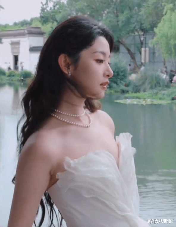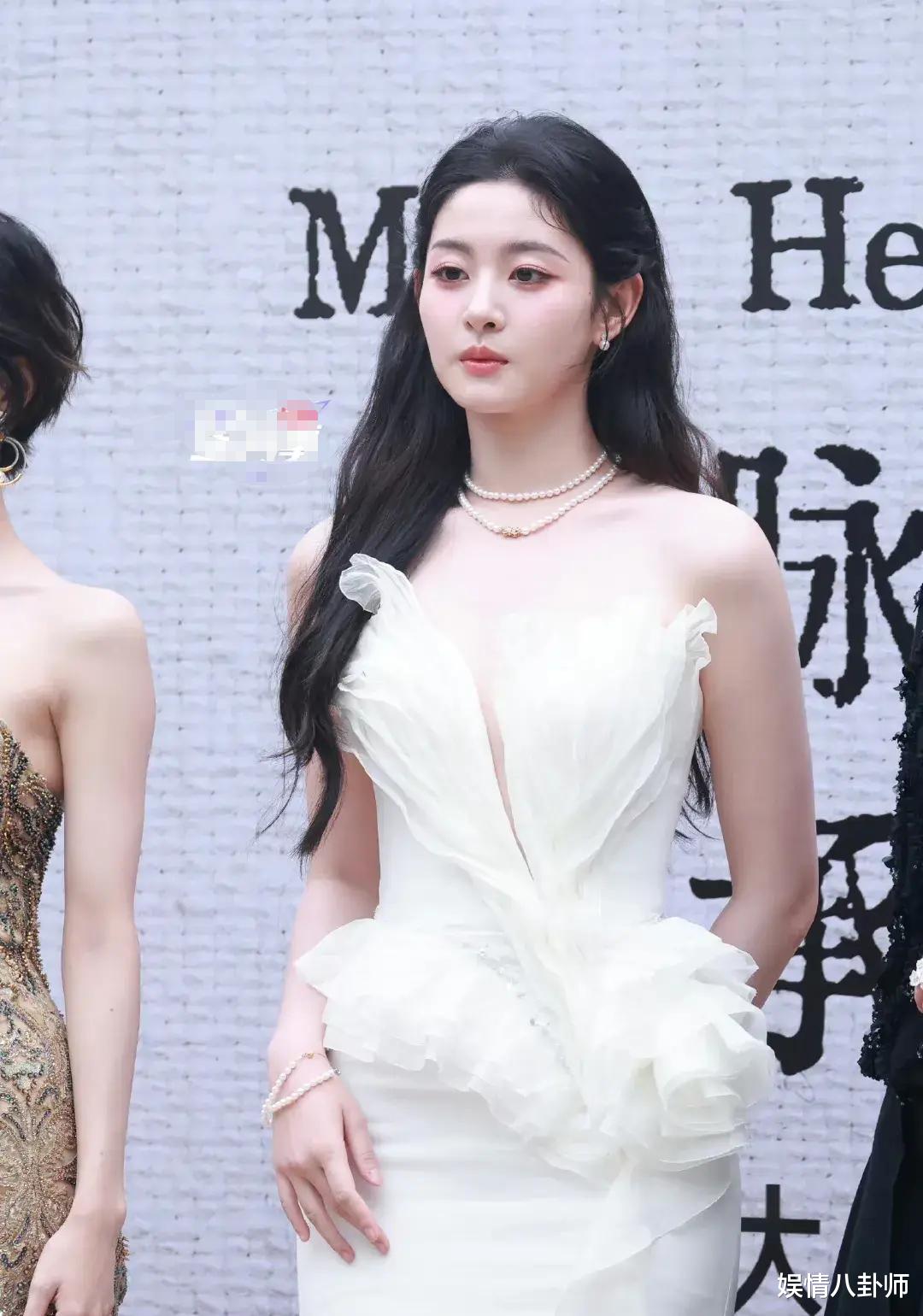 看下赵晴的造型妆容吧,身穿简单的白色礼服裙,脖子上还佩戴了一串珍珠项链,怎么说呢,赵晴其实还是蛮有气场的,就是脸盘的确大了一些,再加上骨架好像也比一般女性大,这就显得赵晴会更加的大只一些。
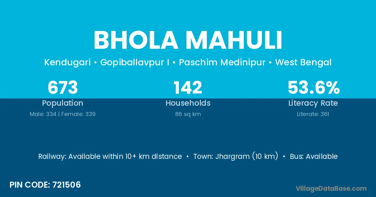 Jhargram (10 km) is the nearest town to Bhola Mahuli village for major economic activities and is located approximately 10 km away.
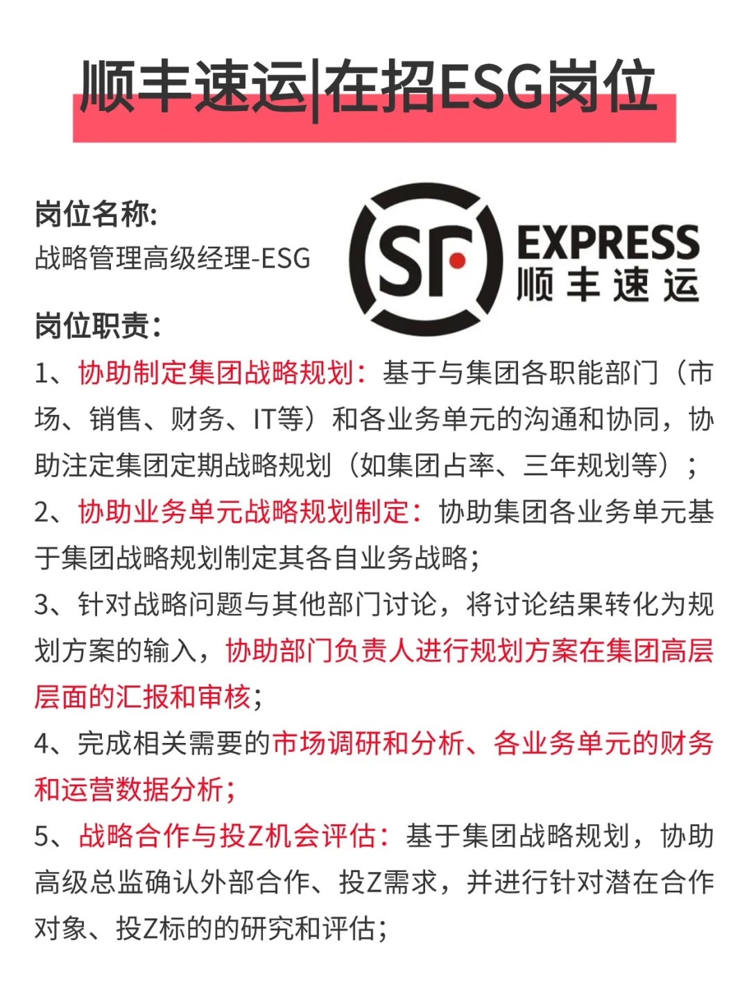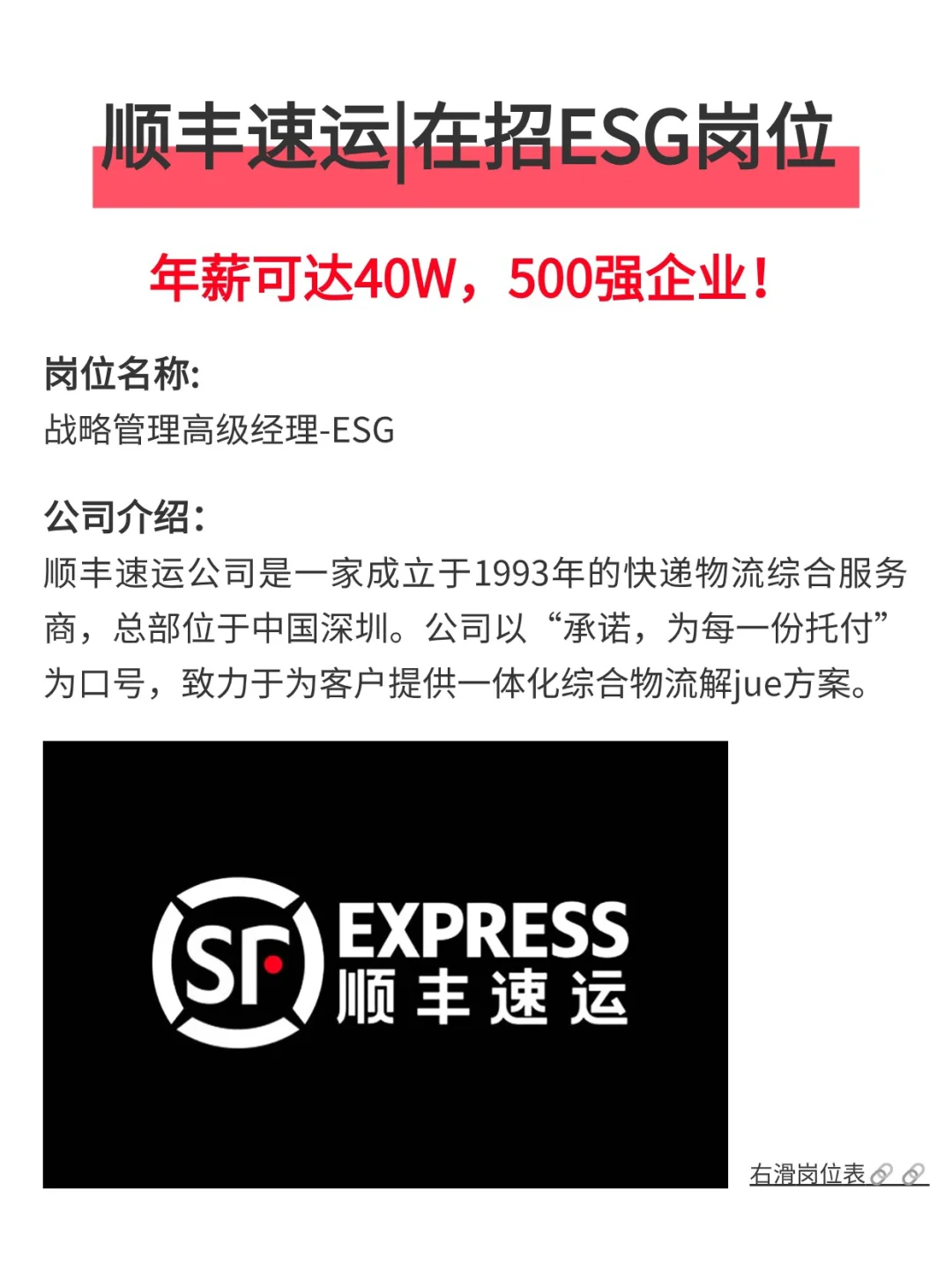 >500强|顺丰速运招聘啦!ESG岗!年薪40W!

━━━━━━━━━━━━━━━━━━━━

**Problem statement**
Using the listing above, copy every line from the line containing "Jhargram (10 km)" through the last one, both included, and no other lines. Pictures stay out.

**Final answer**
 Jhargram (10 km) is the nearest town to Bhola Mahuli village for major economic activities and is located approximately 10 km away.
 >500强|顺丰速运招聘啦!ESG岗!年薪40W!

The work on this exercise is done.